NPA2Net: A Nested Path Aggregation Attention Network for Oriented SAR Ship Detection
C Z Zhang, Peng Liu, Haipeng Wang, Ya‐Qiu Jin
Abstract
Ship detection in Synthetic Aperture Radar (SAR) images is crucial for various applications in both civilian and military domains. In recent years, there has been substantial progress in SAR ship detection, largely driven by advancements in deep learning-based methods. However, some issues still exist that need to be addressed. First, most current ship detection methods are anchor-based. These methods suffer from poor generalization and have a heavy computation load. Second, there is significant scale variation among different ships in SAR images. Most ships occupy only a few pixels in SAR images and are difficult to detect. Third, detecting inshore ships in SAR images is challenging, as it is easily susceptible to interference from harbors and buildings on the land. To address such issues, a novel anchor-free method named Nested Path Aggregation Attention Network (NPA2Net) is proposed for oriented SAR ship detection.
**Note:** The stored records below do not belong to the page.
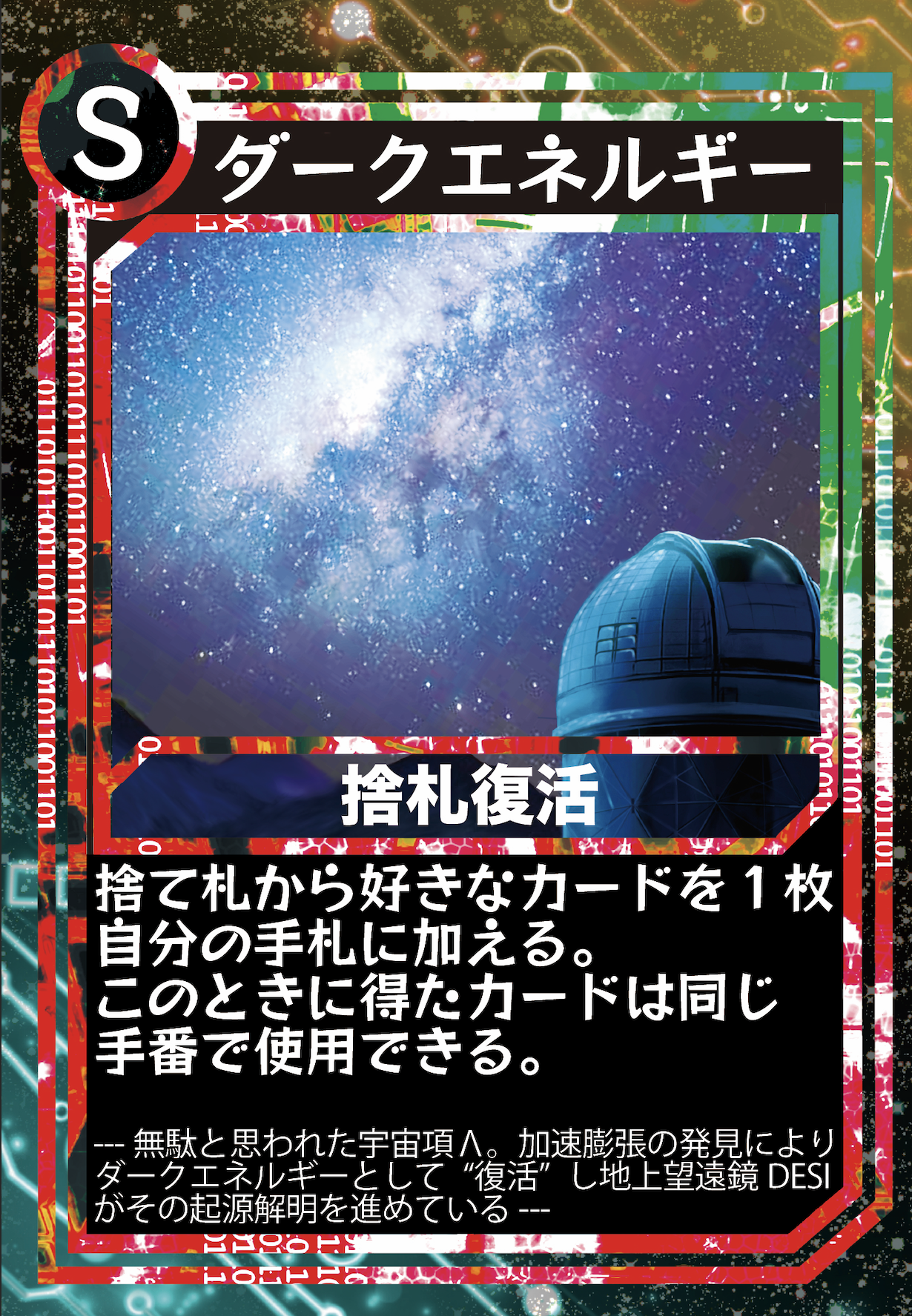ちなみに、カードイラスト、右下に望遠鏡が描かれているが、アメリカアリゾナ州にある地上望遠鏡 DESI (Dark Energy Spectroscopic Instrument)を描いたものである。この望遠鏡、ダークエネルギーの起源解明を大目標に建設された望遠鏡であり、2021年から観測が開始している。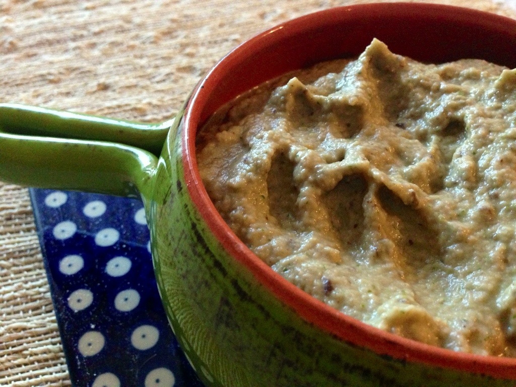 2. Slice the eggplant in half lengthwise and allow to cool. Scoop out the insides and purée in a food processor with all remaining ingredients.
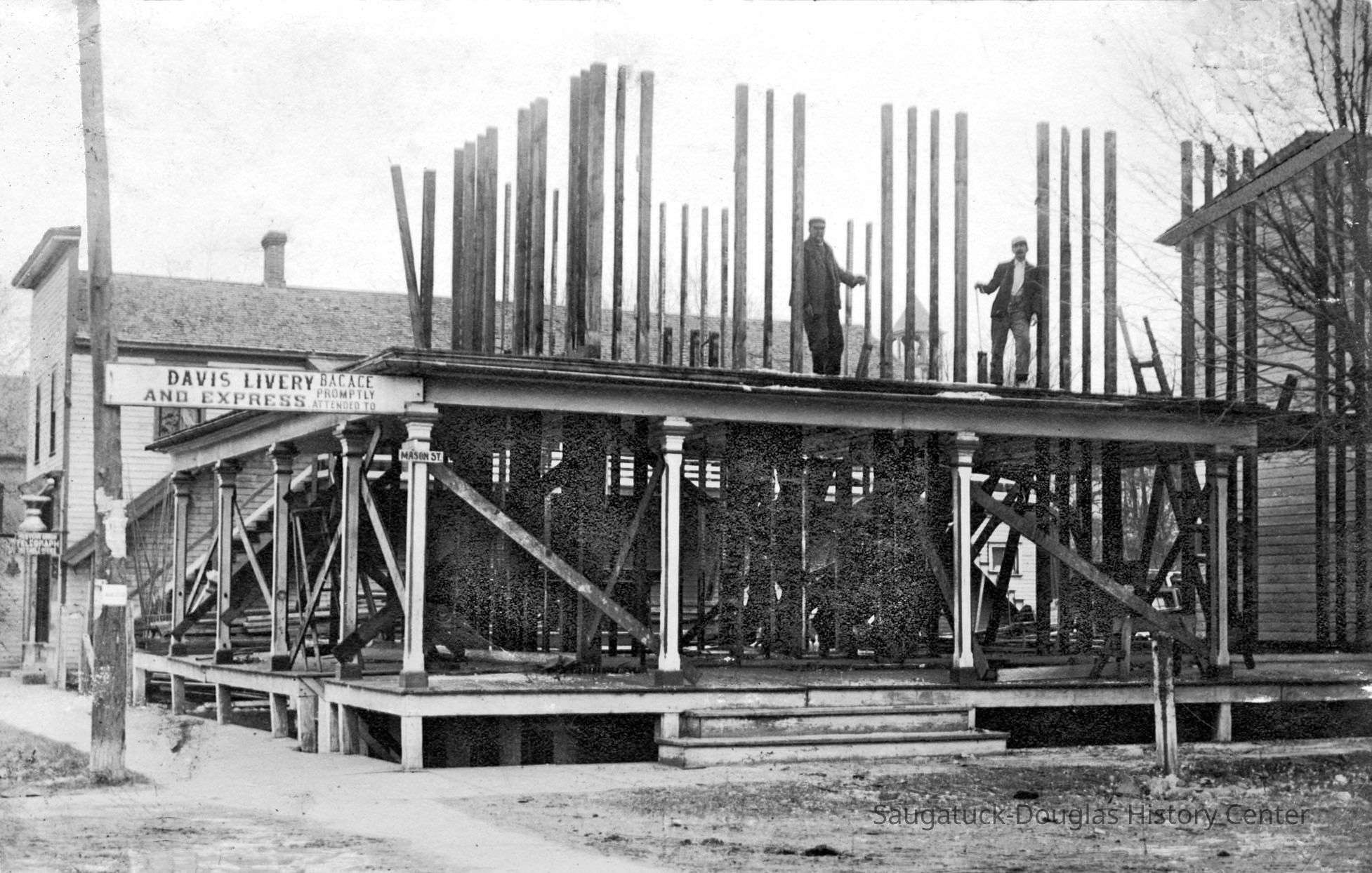 Two workers pause from deconstructing the Hotel Hamilton, previously known as the Saugatuck House. The hotel was Saugatuck's first purpose-built lodging. A sign for Davis Livery and Express remains.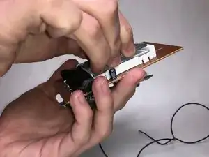 Возьмите пинцет и проследите красный и чёрный провода, идущие от динамика к плате. Они подключаются к белому разъёму. Вытяните белую вилку пинцетом, чтобы отключить.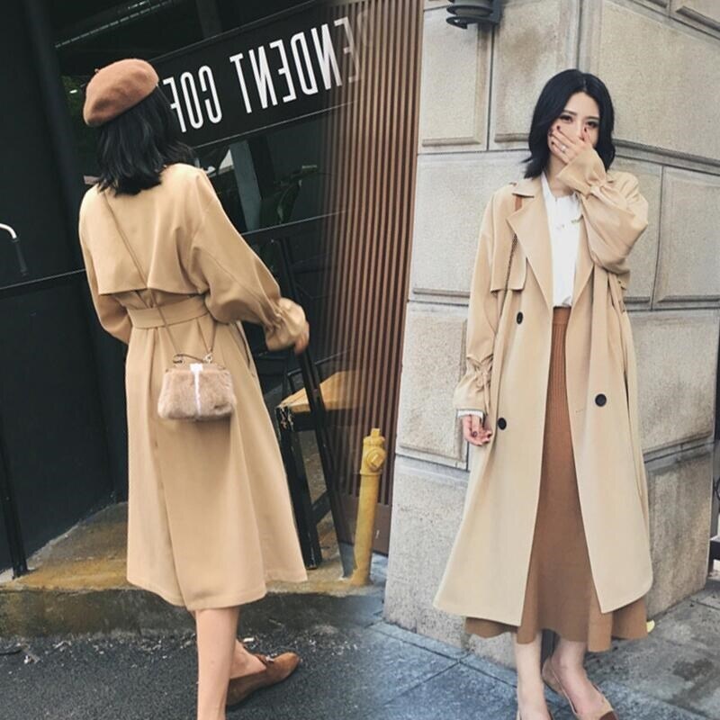 2021 The new spring and autumn caramelea chameleon woman with a long version of Korean version Herbenwind bursting with a small sub-knee jacket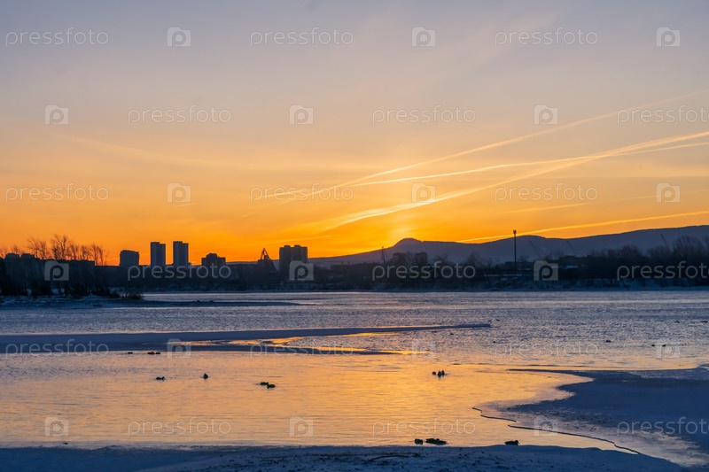 Зимнее морозное утро над Енисеем в центре Красноярска

Specifically, the anchor-free framework of Box Boundary-Aware Vectors (BBAVs) is applied to our method, which has higher detection efficiency. Moreover, the Nested Path Aggregation Module (NPAM) is proposed to fuse multiresolution features for detecting multiscale ships and a Ship Attention Module (SAM) is introduced to suppress the interference from complex backgrounds and highlight ships’ features. The experimental results conducted on three datasets for oriented SAR ship detection validate the effectiveness and generalization of NPA2Net.